Key Terms (Quick Ref)
- Repeating group: Multiple values of the same attribute stored in one row (e.g., Item1, Item2, …).
- Functional dependency (FD): Attribute(s)
X determine attribute Y (written X → Y).
- Partial dependency: In a composite key
(A,B), a non-key attribute depends on only A or B, not both.
- Transitive dependency:
A → B and B → C imply A → C; if C is non-key, that’s a 3NF violation.
First Normal Form (1NF)
Requirements:
- No repeating groups or arrays in a column; each column holds atomic values.
- Each row-column intersection stores one value of the declared type.
Fix: Move repeating groups to a separate child table so each repeated value becomes a separate row.
Second Normal Form (2NF)
Applies when a table’s primary key is composite.
- All non-key attributes must depend on the entire key.
- Violation: A column depends only on part of the composite key (→ partial dependency).
- Fix: Split attributes that depend on a subset of the key into their own table keyed by that subset.
Third Normal Form (3NF)
- No non-key attribute may depend on another non-key attribute (no transitive dependencies).

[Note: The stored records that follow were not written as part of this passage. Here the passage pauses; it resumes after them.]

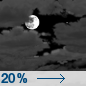 Temperature: 33°F Wind Speed: 15 to 20 mph Wind Direction: N Forecast: Mostly cloudy, with a low around 33. North wind 15 to 20 mph, with gusts as high as 30 mph. Chance of precipitation is 20%. |
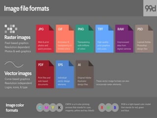 The document discusses various image file formats including raster formats like JPEG, GIF, PNG, TIFF, RAW and PSD as well as vector formats like PDF, EPS and AI. It provides details on when each format should and should not be used based on factors like whether the image needs editing, printing, use online or in email. Raster formats are optimized for photos while vector formats maintain quality when resized. The document aims to help users choose the best format for different image uses and projects.
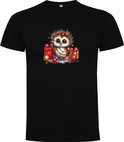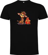 T-shirt unisexe Zwart avec imprimé « Chouette de Noël colorée avec lumières de Noël en désordre et cadeaux / Joyeux Noël » Marque complète Roly taille 152 11/12 ans
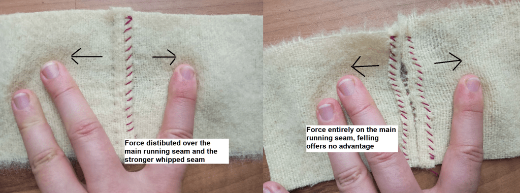 The felled seam I talk of, is after a running stitch is run, a whip stitch is done with the seam allowance to one side. This makes an incredibly strong seam. Distributing force over your initial running stitch, but also over a much stronger form of whip stitch.
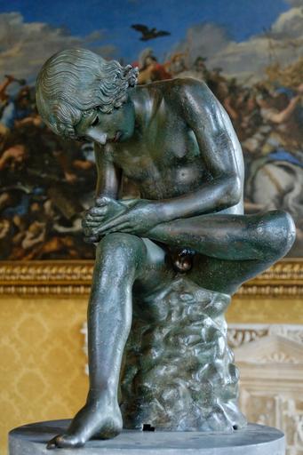 | Keywords: Spinario Musei Capitolini MC1186.jpg The Spinario or Thorn-Puller Greek artwork of the Late Helelnistic era after classical and hellenistic models Le Tireur d'épine Œuvre grec hellénistique tardif d'après des modèles classiques et hellénistiques Il Spinario Opera romana del età tarda-ellenistica dai modelli classici e ellenistici century 1 BC bronze H 73 cm 28 ½ in Museum Musei Capitolini Palazzo dei Conservatori Hall of the Triumphs object history credit line Formerly in the Lateran; gift of Sixtus IV 1471 Provient du palais du Latran don de Sixte IV en 1471 Già al Laterano; dono di Sisto IV 1471 accession number MC 1186 Marie-Lan Nguyen 2009 other versions The Capitoline Spinario |
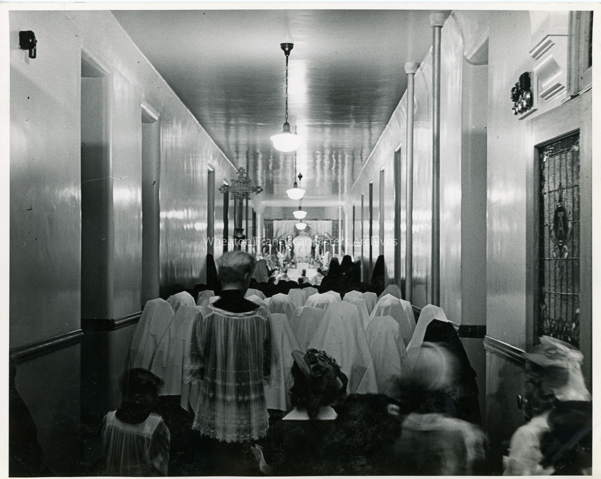 A procession for the Feast of Corpus Christi in St. Anthony’s Hospital located at 3520 Chippewa Street in St. Louis, Missouri. There is a small altar in the background.
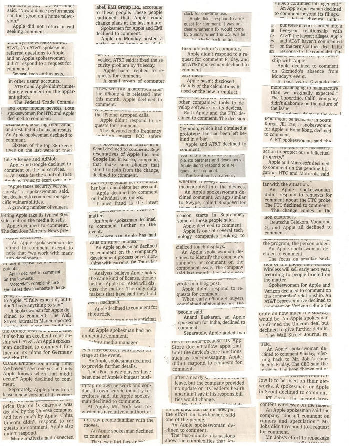 but it's just not the same. There's something more convincing, more permanent about a clipped piece of paper than a digital photograph of an iPad screen. And the clippings are easier to aggregate, too. Yes, I can do the photos without a glue stick, but I think the Declined to Comment Saga has come to an end.
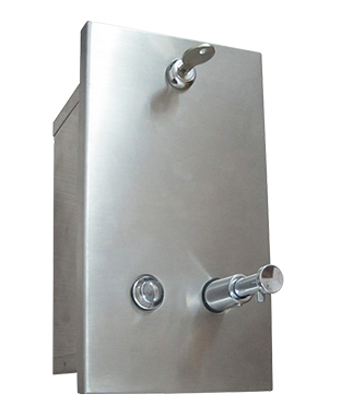 Дозатор для жидкого мыла, Nofer, механический (нажимной), ширина, мм-150, глубина, мм-110, высота, мм-260, ёмкость(мл)-1200, тип установки-настенный встраиваемый, материал колбы-нержавеющая сталь AISI 304, цвет колбы-сталь матовая, в комплекте-съемная передняя панель с замком безопасности, цвет дозатора-сталь матовая Дозатор для жидкого мыла, Nofer, шгв 150*110*260, цвет дозатора-сталь матовая
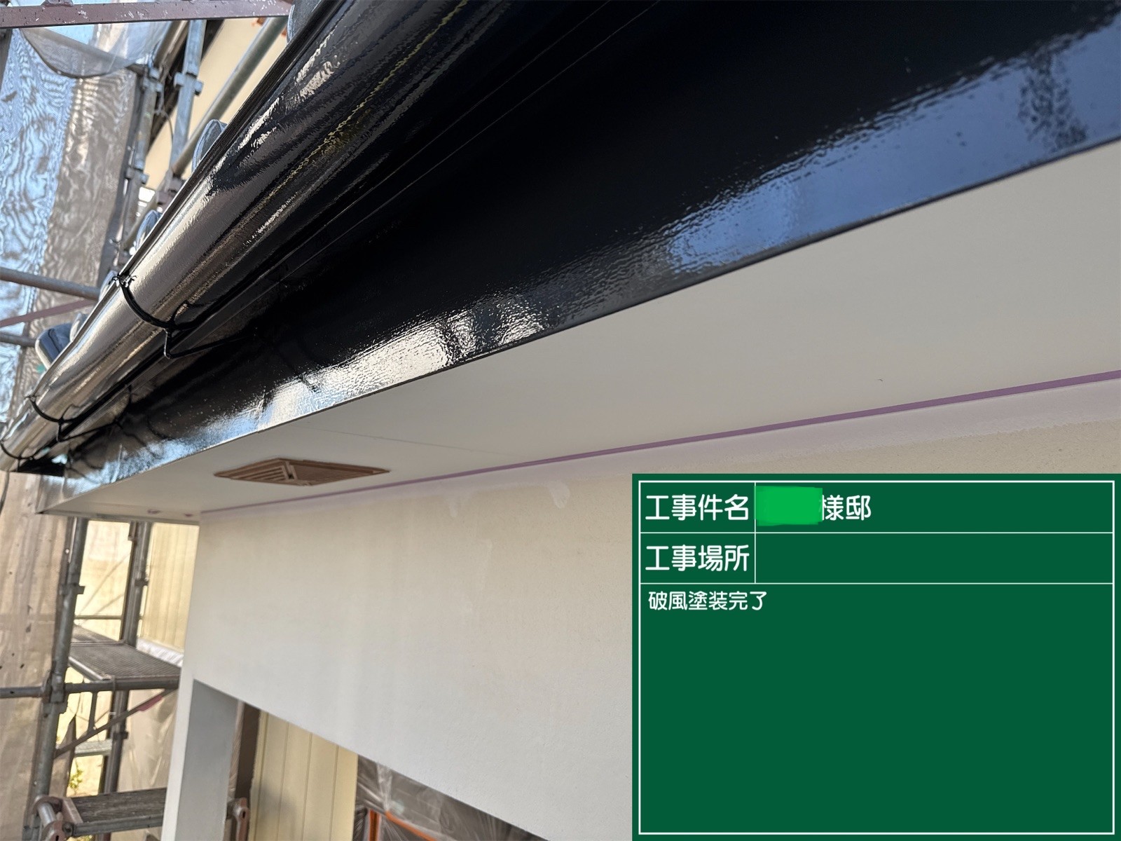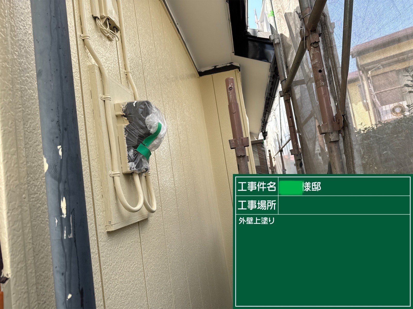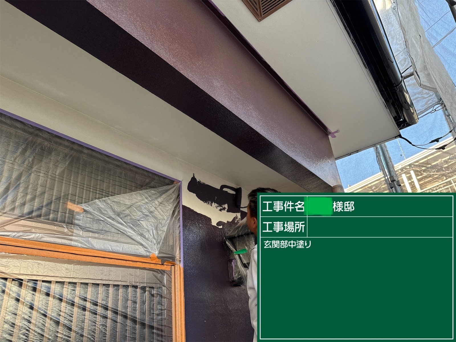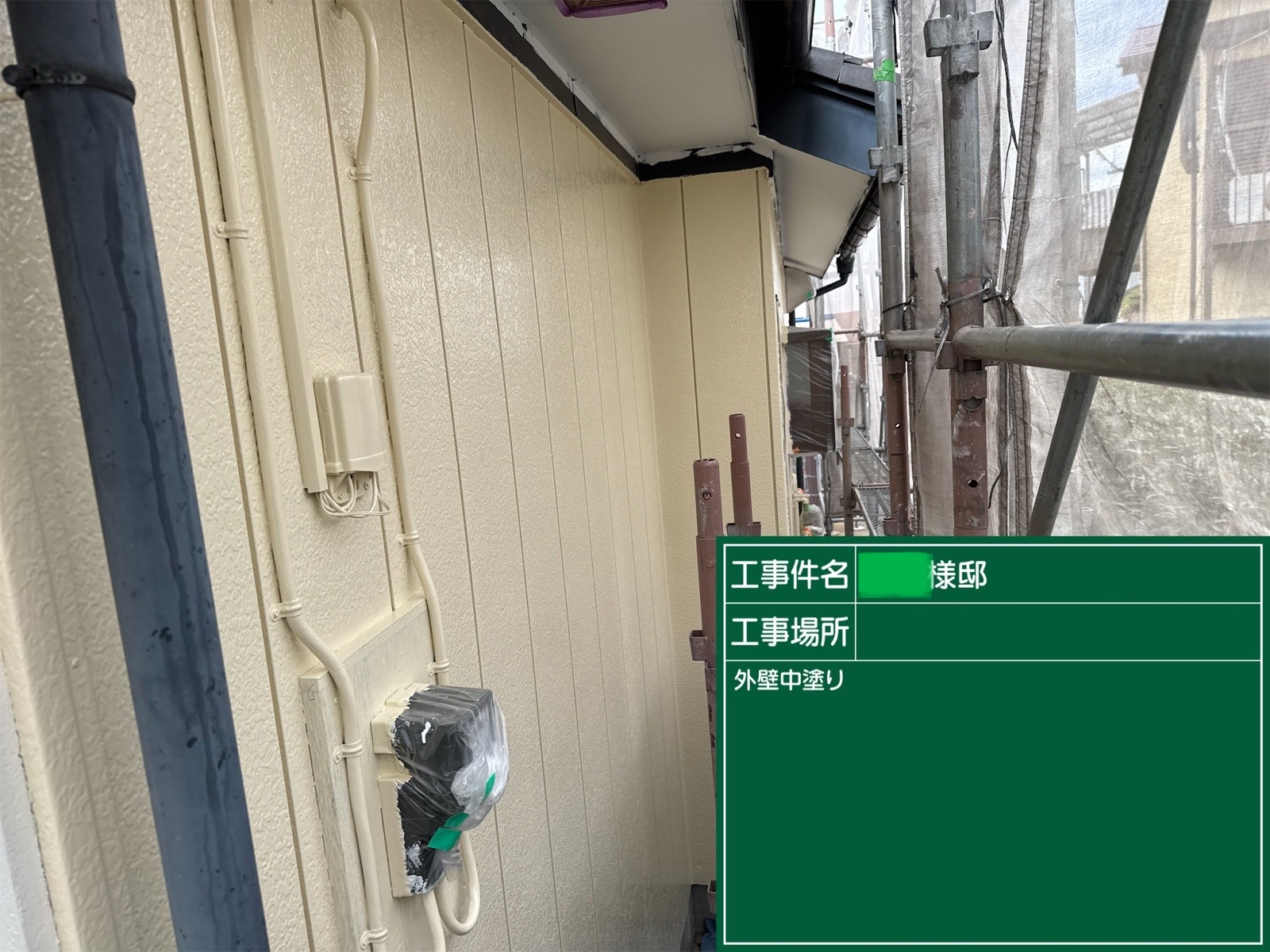 外壁の中塗りを行いました。中塗り➡上塗りと2回に分けて塗装する事で性能を耐久年数の間しっかり持続させるために中塗りの塗装が必須です。
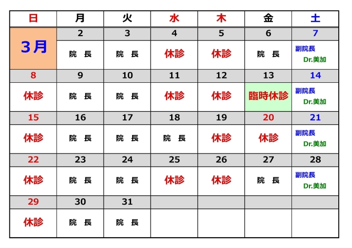 現在の診療担当日は、下記の通りです。
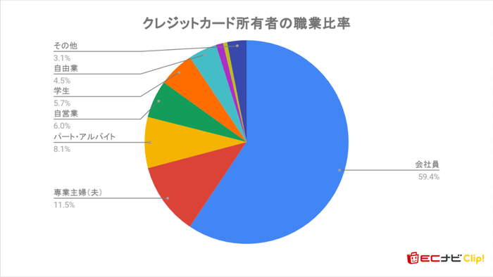 職業別で見ると、個人信用情報を担保しやすい「会社員:59.4%」の回答がもっとも多く、続いて2番目に「専業主婦(夫):11.5%」、「パート・アルバイト:8.1%」が3番目に多い結果となりました。
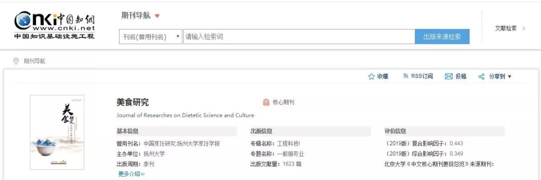 是国内美食领域唯一的核心期刊
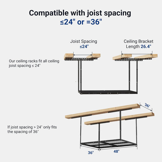 FLEXIMOUNTS 2x3FT Garage Storage Rack Overhead, Adjustable Ceiling Storage Racks, Metal Garage Organization System with 155LBS Weight Capacity(Black)
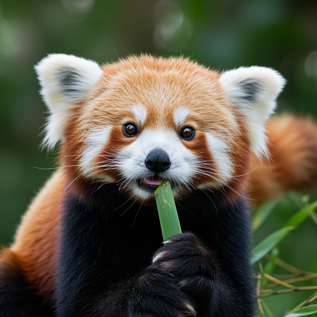 Adorable red panda, charming demeanor, large expressive eyes, rounded ears, gentle face, bushy tail, vibrant colors, playful, munching happily.
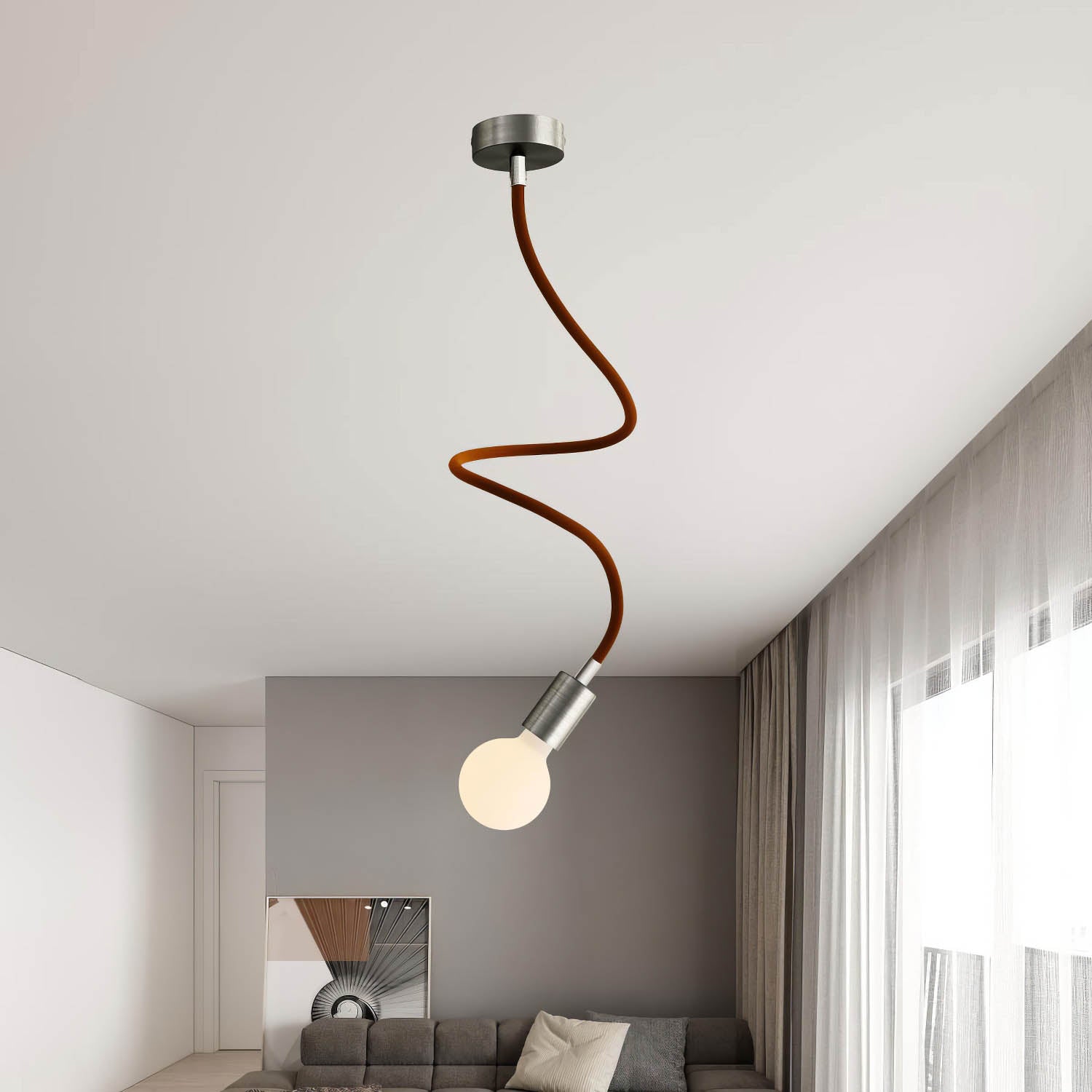 Ohnuteľná trubica FLEX potiahnutá látkou, v hnedom odtieni, je ideálna na vytváranie jednoduchých aj viacnásobných závesných lámp inšpirovaných tými najfantastickejšími nápadmi – vašimi.
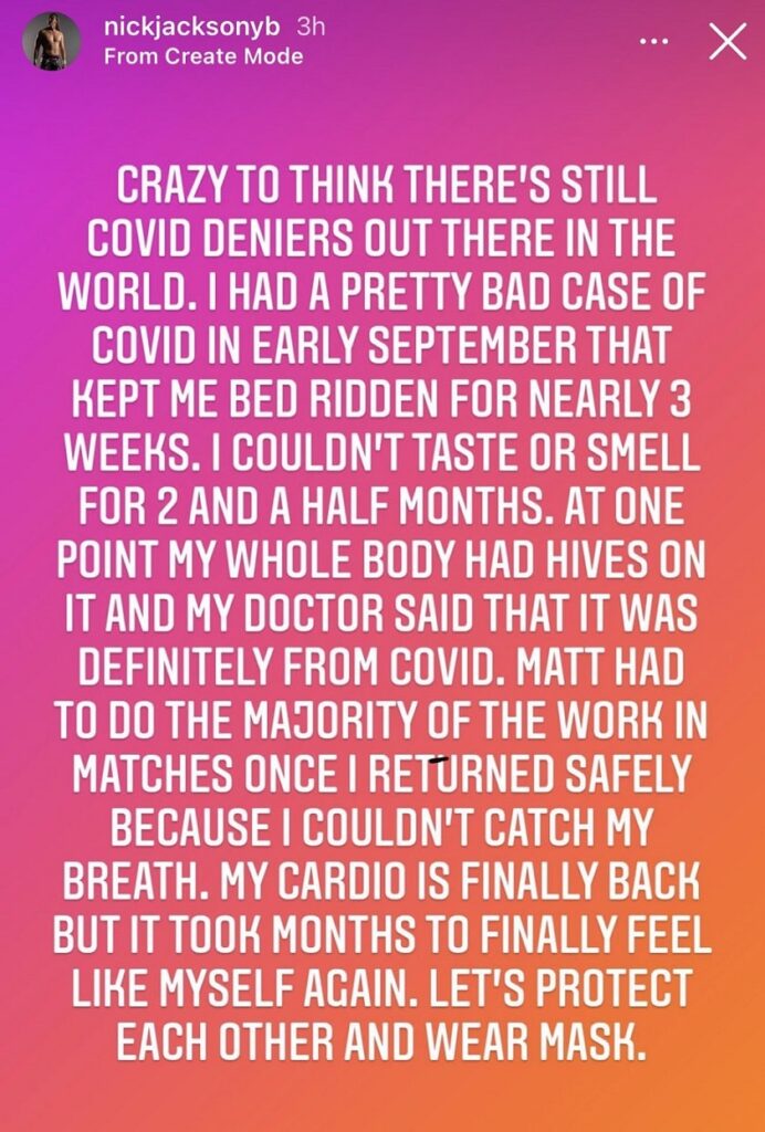 Nick missed 46 days during this period, with his last match in September taking place at All Out on September 5th. This goes some way to explaining the unusual build to the Young Bucks vs. FTR match at Full Gear on November 7th, as we now know Nick was unavailable. Thankfully, Nick has managed to recover, although sadly, he did share the news in an earlier Instragam post that his aunt recently passed away due to the virus. Everyone at WIJ offers their condolences to him and his family.
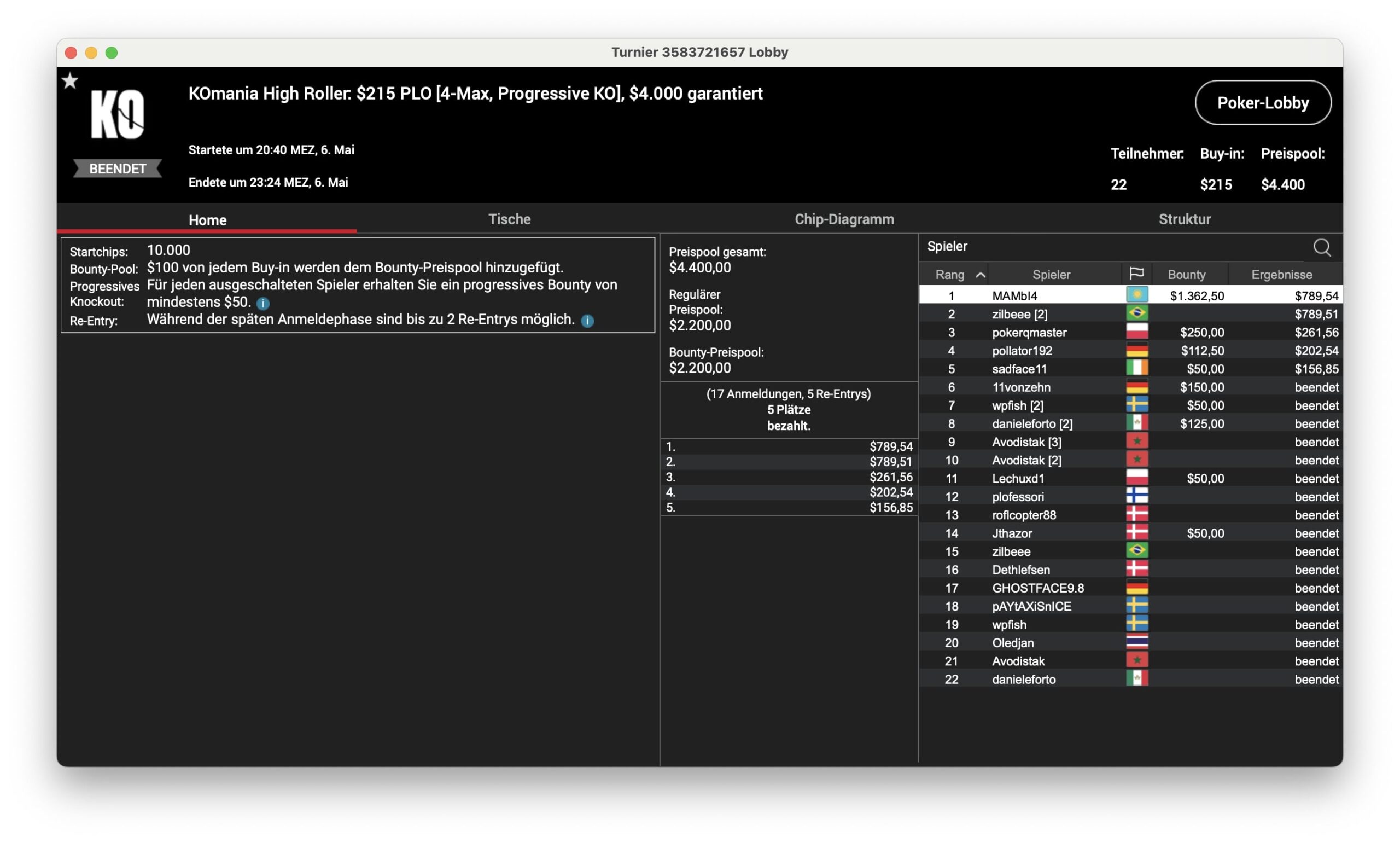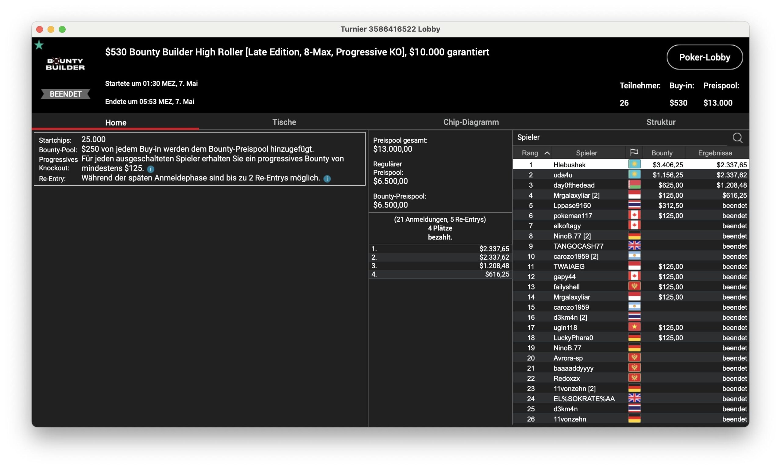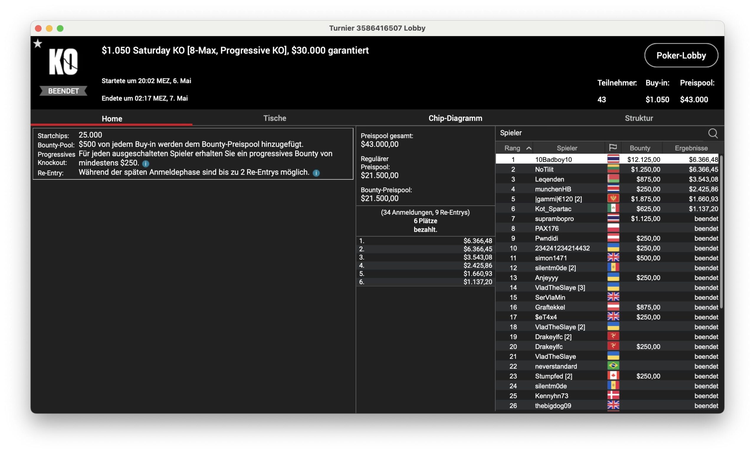 Das $1.050 Saturday KO hatte am Samstag 43 Entries und damit einen $43.000 Preispool. „10Badboy10“ gewann und sammelte einige Bounties ein: Alleine $12.125 gewann er mit KOs, für die Siegplatzierung gab es nochmal $6.366 on top.
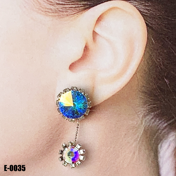 - 丸型 揺れる イヤリング スワロフスキー キラキラ パーティー 結婚式 ネジバネ式 ◇E-0035

- Fix: Move the transitively determined attributes to a new table keyed by their direct determinant.
Database Design for Mere Mortals
Worked Example: From UNF to 3NF
Scenario: An order record includes customer and line item details in one table with repeating groups.
OrderUNF(OrderID, OrderDate, CustomerID, CustomerName,
Item1_ProductID, Item1_ProductName, Item1_Qty, Item1_UnitPrice,
Item2_ProductID, Item2_ProductName, Item2_Qty, Item2_UnitPrice, ...)
-- 1NF: Eliminate repeating groups (one line per row)
OrderLine1NF(OrderID, OrderDate, CustomerID, CustomerName,
ProductID, ProductName, Qty, UnitPrice)
-- Candidate key: (OrderID, ProductID) for OrderLine1NF
-- Check FDs (illustrative):
-- (OrderID → OrderDate, CustomerID)
-- (CustomerID → CustomerName)
-- (ProductID → ProductName)
-- (OrderID, ProductID → Qty, UnitPrice)
-- 2NF: Remove partial dependencies on a subset of the key
Order(OrderID, OrderDate, CustomerID)
Customer(CustomerID, CustomerName)
Product(ProductID, ProductName)
OrderLine(OrderID, ProductID, Qty, UnitPrice)
-- Now all non-key columns in OrderLine depend on the full key (OrderID, ProductID)
-- 3NF: Remove transitive dependencies (if any remain)
-- Example already handled: CustomerName depends on CustomerID, not on OrderID.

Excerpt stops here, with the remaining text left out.